June 17, 2009
Written by Attorney: Michael A. Hamilton
Note: This article is an interpretation of current law and is offered for informational purposes only. This material is not legal advice and should not be construed or used as a substitute for the advice of an attorney.
Following the Pennsylvania state court decisions in Kvaerner Medals Division of Kvaerner U.S., Inc. v. Commercial Union Insurance Co., 908 A.2d 888 (Pa. 2006); and Miller's Capital Insurance Co. v. Gambone Brother's Development Co., 941 A.2d 706 (Pa. Super. 2008), the Third Circuit Court of Appeals issued a precedential decision in Nationwide Mutual Insurance Co. v. CPB International, Inc., 2009 WL 989115 (3d Cir. April 14, 2009), holding that claims for faulty workmanship do not constitute an "occurrence" under a CGL policy.
CPB International is an importer and wholesaler of chondroitin, a nutritional supplement made from animal cartilage. Rexall Sundown, Inc. ordered chondroitin from CPB. After a dispute arose concerning payment for the product, CPB filed suit against Rexall claiming breach of contract. Rexall counterclaimed, asserting that the Chondroitin was deficient and unusable for its intended purpose. Rexall demanded return of its initial payment and consequential damages. Nationwide, CPB's liability insurer, assumed CPB's defense under a reservation of rights and filed a declaratory judgment action against its insured.
CPB conceded that the claim for faulty workmanship was not covered under the policy. However, CPB argued that Rexall's claim for consequential damages comes within the ambit of the policy. The Third Circuit, relying on Kvaerner and Gambone, held that Rexall's claim did not present the "degree of fortuity" necessary to fall within the ordinary definition of an "accident." Id. at *4. In other words, according to the Court, "it is largely within the insured's control whether it supplies the agreed-upon product, and the fact that contractual liability flows from the failure to provide that product is too foreseeable to be considered an accident." Id.

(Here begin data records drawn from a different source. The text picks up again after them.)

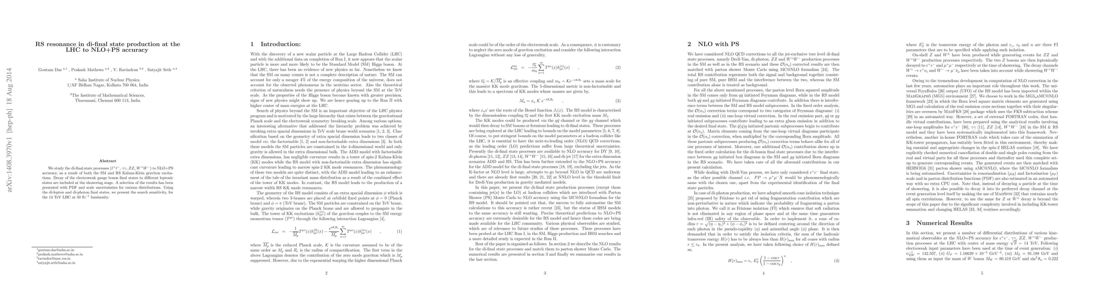 Researchers studied di-final state processes at the LHC to NLO+PS accuracy in both Standard Model (SM) and Randall-Sundrum (RS) Kaluza-Klein graviton scenarios, finding improved search sensitivity for 14 TeV LHC.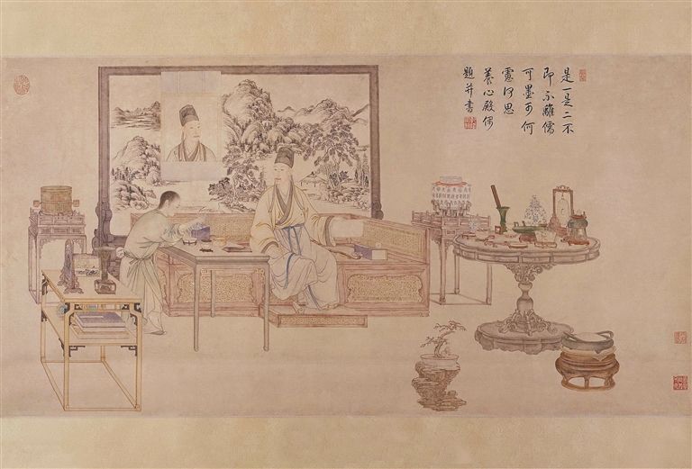 此时的乾隆皇帝年逾不惑,身着汉家衣冠舒适地坐在榻上,身后悬挂着一幅与他画中容颜一致的肖像,周围遍布其所珍爱的器物。乾隆皇帝为这幅作品题写了佛家偈语: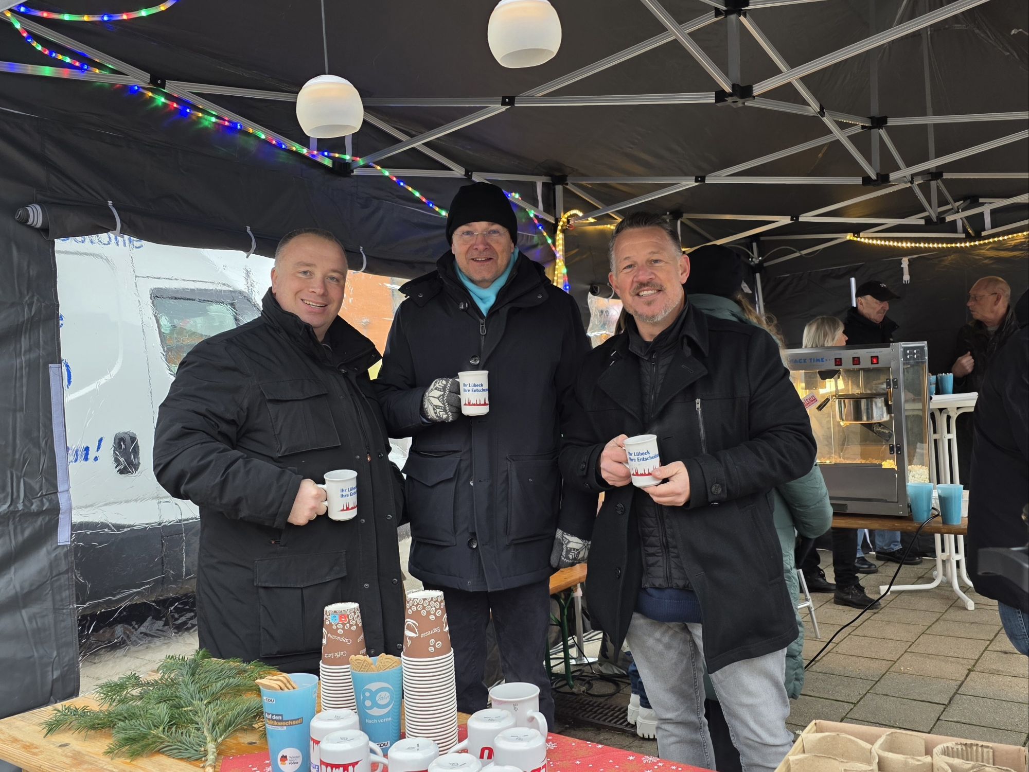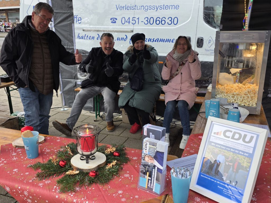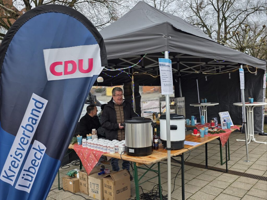 Anlässlich des 80. Geburtstags der CDU hat der Kreisverband Lübeck am vergangenen Samstag mit einem Canvassing-Stand vor dem Lübecker Rathaus den Dialog mit den Bürgerinnen und Bürgern gesucht. Neben informativen Gesprächen stießen vor allem kleine Giveaways auf großes Interesse. Besonders beliebt waren die frisch gebackenen Kuchenstücke direkt vor Ort sowie Tassenkuchen zum Mitnehmen.
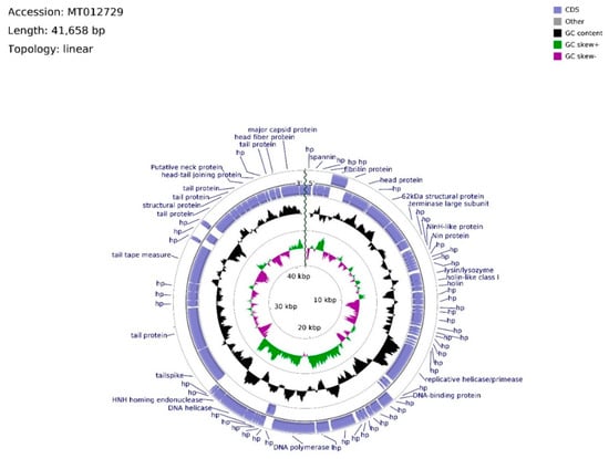 Annotation and sequence analysis was conducted as described previously [21]. Briefly, annotation was based on open reading frame prediction obtained via the RASTtk toolkit [41] and the Prokka suite containing Prodigal [42] where points of difference were settled by analysis of Ribosome Binding Sites (RBS) 4-12 nucleotides upstream of start codons. Putative functions of ORFs were assessed employing the Nucleotide Collection (nr/nt) database with the CDD database [43], 97 Salmonella phage genomes from pVOGs database (http://dmk-brain.ecn.uiowa.edu/pVOGs/, last accessed on 16 November 2020), and the HMMer Reference Proteomes database [44]. Phage-specific promoters were predicted by using the Neural Network Promoter Prediction NNPP method (http://www.fruitfly.org/seq_tools/promoter.html, last accessed on 16 November, 2020). To find Rho-independent terminators in nucleic acid sequences, the Arnold tool was employed [45]. Classification of phages lifestyle was predicted using PHACTS [46]. For phage genome termini analysis, packing mode and topology of viral genomes PhageTerm was employed [47]. To create maps of viral genomes, the CGView Comparison Tool [48] was used, with additional GC skew and GC content analysis. Comparison of genomes of related phages was performed using the EasyFig program (http://mjsull.github.io/Easyfig/files.html, last accessed on 14 August 2020).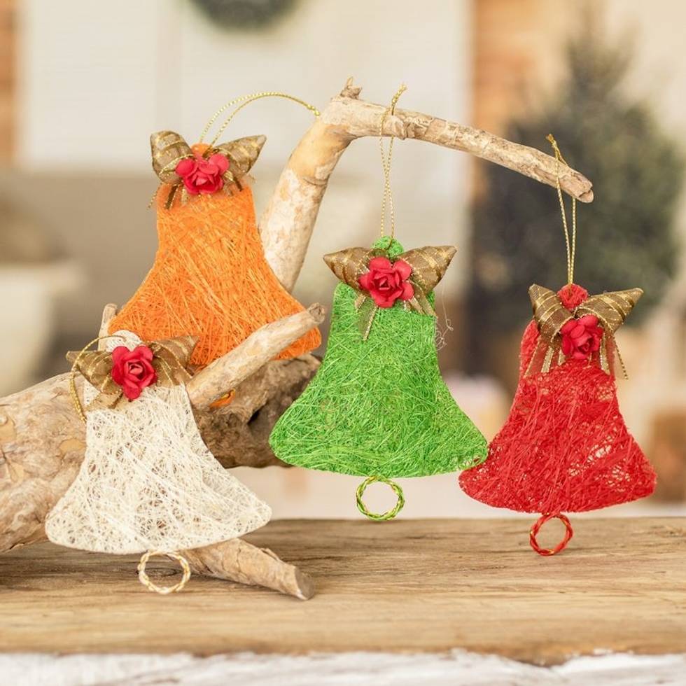 Handcrafted Natural Fiber Bell Holiday Ornaments Set of 4 'Joyous Bells' Item ID: 2671779331

Furthermore, the Third Circuit noted that Pennsylvania law does not recognize the application of CGL policies to breach of contract and breach of warranty claims. Coverage under a CGL policy is for tort liability for physical damage to others, not for the insureds' contractual liability for economic loss because the product or work is not that for which the claimant bargained. Id. at *5.Thus, the Third Circuit concluded that claims for faulty workmanship, including consequential damages related thereto, are not covered under CGL policies. The Third Circuit's opinion is a reaffirmance of Pennsylvania law on the construction of the policy term "occurrence," and a recognition that this concept applies to general business disputes.